Die Klinik für Urologie des Universitätsspitals Zürich (USZ) sieht sich mit Vorwürfen konfrontiert, wonach es im Zusammenhang mit einer Prüfungsanmeldung für den Schwerpunkt Operative Urologie zu Unregelmässigkeiten gekommen sein soll. Um den Sachverhalt objektiv aufzuklären, hat die Spitaldirektion eine administrative Überprüfung in Auftrag gegeben.
Auslöser war ein offener Brief mehrerer Ärztinnen und Ärzte an die Schweizerische Gesellschaft für Urologie (SGU). Diese ist zuständig für die Weiter- und Fortbildung im Fachgebiet Urologie – unter anderem für die Zulassung zur Prüfung des Schwerpunktes operative Urologie. Im Zentrum der Kritik stand die Frage, ob ein Kandidat aus dem USZ bei der Prüfungsanmeldung falsche Operationszahlen angegeben hat.

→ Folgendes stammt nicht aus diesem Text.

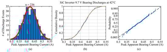 The resulting peak apparent bearing current follows a normal distribution for any particular shaft breakdown voltage, in this case for the SiC inverter 9.7 V discharges at 42 °C: (a) histogram of experimental data with fitted theoretical normal distribution, (b) cumulative density plot comparing data (blue) with theoretical normal distributions (orange), and (c) probability plot demonstrating the normally distributed data.
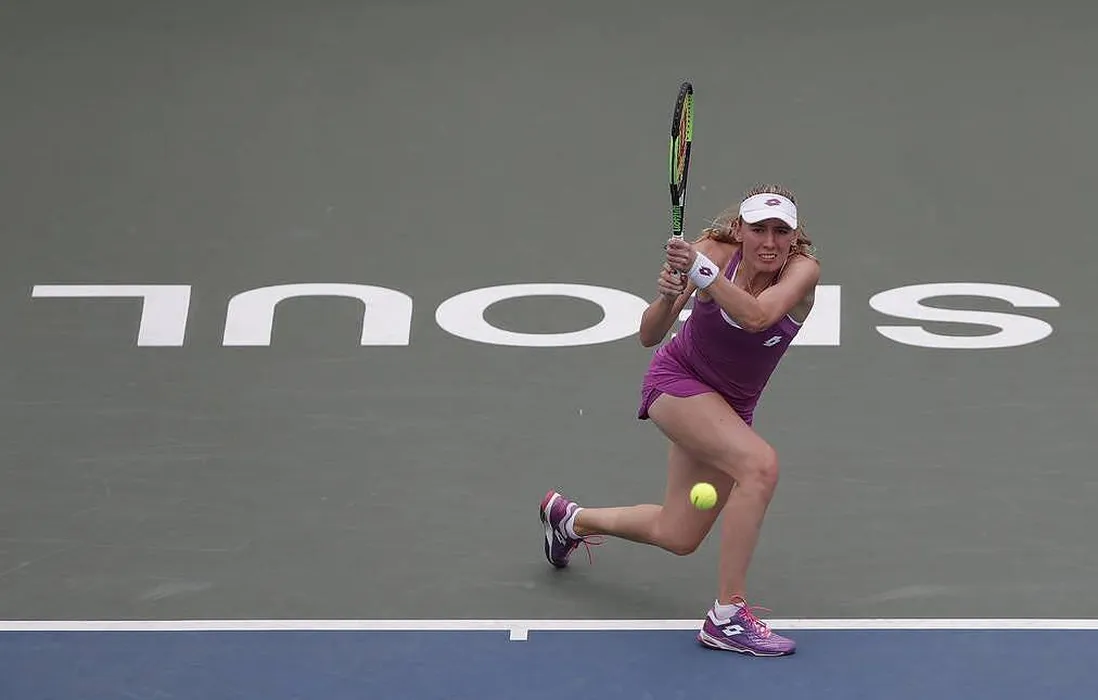Ekaterina Alexandrova of Russia returns a shot to Kristie Ahn of the United States during their quarterfinal match of the Korea Open tennis championships in Seoul, South Korea, Friday, Sept. 20, 2019. (AP Photo/Lee Jin-man)
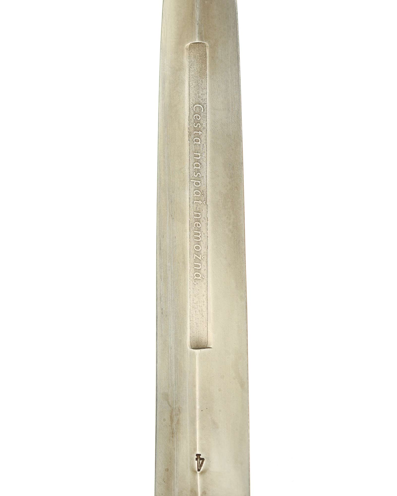 Blade: This blade is double-edged and in fine condition. Blade marked with "4" and inscription: „Cesta naspät nemozna“ (The way back is impossible).
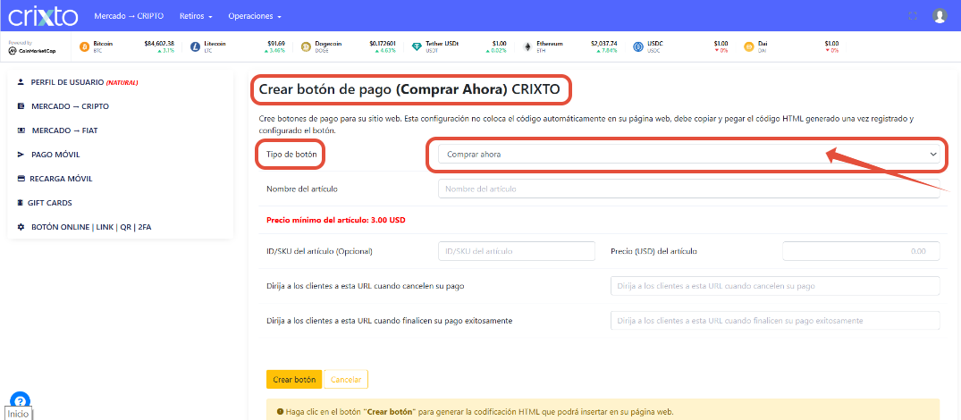 5.- Una vez habilitada la sección "Crear botón de pago (Comprar Ahora) CRIXTO" el usuario debe seleccionar en “Tipo de botón” la opción "Comprar ahora".

Nach Bekanntwerden des Vorwurfes wurde die Prüfungsanmeldung zurückgezogen. Der Vorstand der SGU hat den Vorwurf in einer ausserordentlichen Sitzung besprochen. Da der betreffende Facharzt nicht in allen Kategorien die notwendige Anzahl an Operationen durchgeführt hat, wurde Prof. Daniel Eberli, Direktor der Klinik für Urologie, von Seiten der SGU wegen mangelnder Sorgfalt bei der Prüfungsanmeldung gerügt. Der Kandidat darf sich zudem erst nach Erreichen der geforderten Operationszahlen in allen Kategorien und unter Beilage der Operationsberichte erneut zur Prüfung anmelden.
Um den Sachverhalt vollständig und objektiv aufzuklären, hat die Spitalleitung eine externe administrative Überprüfung in Auftrag gegeben. Ziel ist eine transparente Klärung, ob organisatorische oder individuelle Fehler vorlagen.
Prof. Eberli hat in diesem Zusammenhang darum gebeten, ihn bis zum Abschluss der Untersuchung zu beurlauben. Die Spitalleitung begrüsst diesen Schritt ausdrücklich und wird dem Wunsch entsprechen.
Für das USZ sind Integrität, Transparenz und ein vertrauensvolles Arbeitsumfeld entscheidend. Die laufende Überprüfung ist wichtig, um diesen Ansprüchen gerecht zu werden und die notwendigen Schlüsse für künftiges Handeln zu ziehen. «Als Universitätsspital dürfen wir keine Zweifel aufkommen lassen, dass sich die Menschen auf unser korrektes Verhalten verlassen können», sagt Monika Jänicke.
Update 1. Juli 2025: Abklärungsphase (Befragungen, Aktensichtung etc.) abgeschlossen
Die mit der administrativen Überprüfung beauftragte Kanzlei Nater Dallafior Rechtsanwälte hat die Abklärungsphase (Befragungen, Aktensichtung etc.) in der Klinik für Urologie abgeschlossen. Nach ersten Erkenntnissen wurde kein strafrechtliches Fehlverhalten festgestellt. Gleichzeitig fanden in den letzten Wochen verschiedene Gespräche statt. Alle Beteiligten sind auf die Relevanz korrekter administrativer Abläufe sensibilisiert.
Mit dem Abschluss der Abklärungsphase endet die Beurlaubung von Prof. Dr. med. Daniel Eberli. Er übernimmt am 1. Juli 2025 wieder die Leitung der Klinik für Urologie am USZ. Prof. Eberli hatte darum gebeten, während der Untersuchung von seinen Aufgaben entbunden zu werden, um die Unabhängigkeit der Abklärungen zu gewährleisten. Die Spitaldirektion dankt ihm für seine konstruktive Mitwirkung im Interesse der Klinik für Urologie und die Wiederaufnahme seiner Leitungsfunktion.
In den kommenden Wochen werten die externen Fachleute den Sachverhalt detailliert aus, was einige Zeit in Anspruch nehmen wird. Sobald die objektiven Erkenntnisse und Empfehlungen vorliegen, wird die Spitaldirektion entscheiden, welche Konsequenzen angemessen sind und welche Lehren das USZ, im Interesse der Qualitätssicherung, daraus zieht.